After seeing the proof in black and white, it hit me. Everyone I ever knew, had lied to me my whole life. You want to talk about being crushed. I no longer felt I could trust anyone. Reflecting back, I knew every single person realized who I was, but me. My dark features were a clear indicator I did not belong to the rest of my fair skinned family. They all knew... and didn't say a word! Maybe it wasn't their place. Like my dad, maybe they were just trying to protect me....but to twenty six year old me it was a broken trust that I would never recover from.

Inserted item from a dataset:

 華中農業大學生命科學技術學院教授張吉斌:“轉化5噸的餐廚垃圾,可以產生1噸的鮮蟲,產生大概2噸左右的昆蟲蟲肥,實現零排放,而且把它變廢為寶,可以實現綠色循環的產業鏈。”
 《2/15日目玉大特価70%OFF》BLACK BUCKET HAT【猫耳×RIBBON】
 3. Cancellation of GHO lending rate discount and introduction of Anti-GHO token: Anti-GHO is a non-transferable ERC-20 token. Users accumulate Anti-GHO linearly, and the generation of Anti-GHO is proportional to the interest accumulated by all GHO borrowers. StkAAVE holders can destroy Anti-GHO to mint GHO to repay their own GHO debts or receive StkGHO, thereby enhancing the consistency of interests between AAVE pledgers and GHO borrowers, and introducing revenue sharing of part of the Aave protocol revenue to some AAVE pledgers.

I started and haven't really stopped, pondering every little incident throughout life, that pointed to the distrust. I searched my memories, trying to connect my parents disconnect to me, to their deception. And you know the devil really tries to magnify those thoughts in your mind!  I wanted them to want me for so long, and now it was apparent to me why they may not have. Or atleast that's what the enemy was trying to convince me of.

I now knew the truth, but boy did it hurt. It caused more confusion in me than I could have possibly realized. With my new found knowledge, it then became my job, to live in the truth. Which meant telling my parents, really what they already knew, but had concealed from me. We won't talk about my conversation with my mom, because that just brings up anger. But my dad was absolutely crushed. It's one thing to wonder...it's another thing to be smacked in the face with it. It hurt me to see him hurt. I just wanted to take it all away..and I couldn't. I made myself believe somehow this was all my fault. I was responsible for all of this pain. For him. For my own. I didn't realize when I set out on the journey, we would be the casualties.

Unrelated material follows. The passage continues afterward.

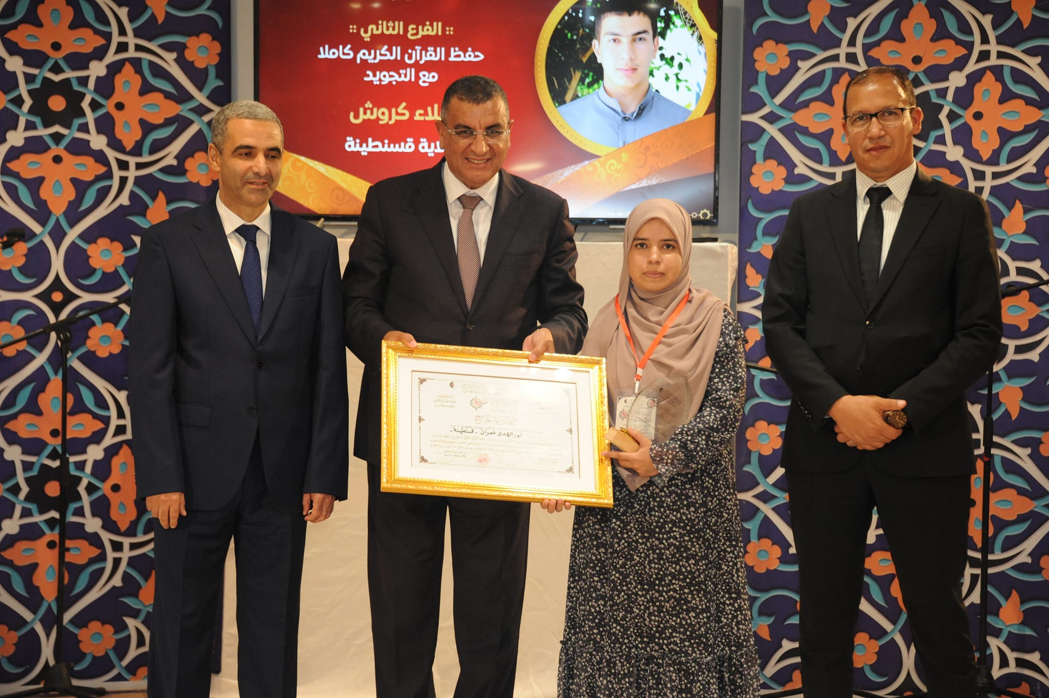 كما فاز بالجائزة الأولى في فرع "حفظ وتجويد القرآن" لهذه المسابقة التي تنافس فيها ستون حافظا وحافظة في ستة فروع، الشاب علاء كروشي من ولاية قسنطينة, بينما عاد المركز الأول في فرعي "صغار حفظة القرآن" (أقل من 15 سنة) و"حفظ القرآن في القراءات السبع" لكل من إسراء ناجي من ولاية المسيلة و عبد الله عريبي من ولاية سطيف على التوالي.

A few months later my dad was killed in a car accident. We never had the time to process anything, let alone heal. He was a broken man. The fact that I somehow broke his heart more than in was, and he left this world that way, is a burden that I will carry with me always.  

There is a song that our church sings, and everytime I hear it, I weep. Like a baby. The lyrics hit a wound so deep, that I feel I am purging a lifetime of suppressed tears. 

"From my MOTHER'S womb, YOU have chosen me."

It goes on to say, "You rescued me, so I can stand and sing. I AM a CHILD of GOD."

Discovering the truth of my conception, did not set me free, like I had hoped. It left me with more questions that will never be answered. It didn't take my desire away to be wanted and loved. In fact, it made me question why I was even here, or if anyone even wanted me. 

But in the process I realized what matters most..... It doesn't make a difference who my biological father was and is. I am a child of God. He alone fills a void, that no man ever could.

Before I was conceived, I was created. God had a plan for me long before I was in my mother's womb. And out of that he has CHOSEN me. Out of the deceit, out of the lies, out if the pain, out of the distrust.....he has chosen ME.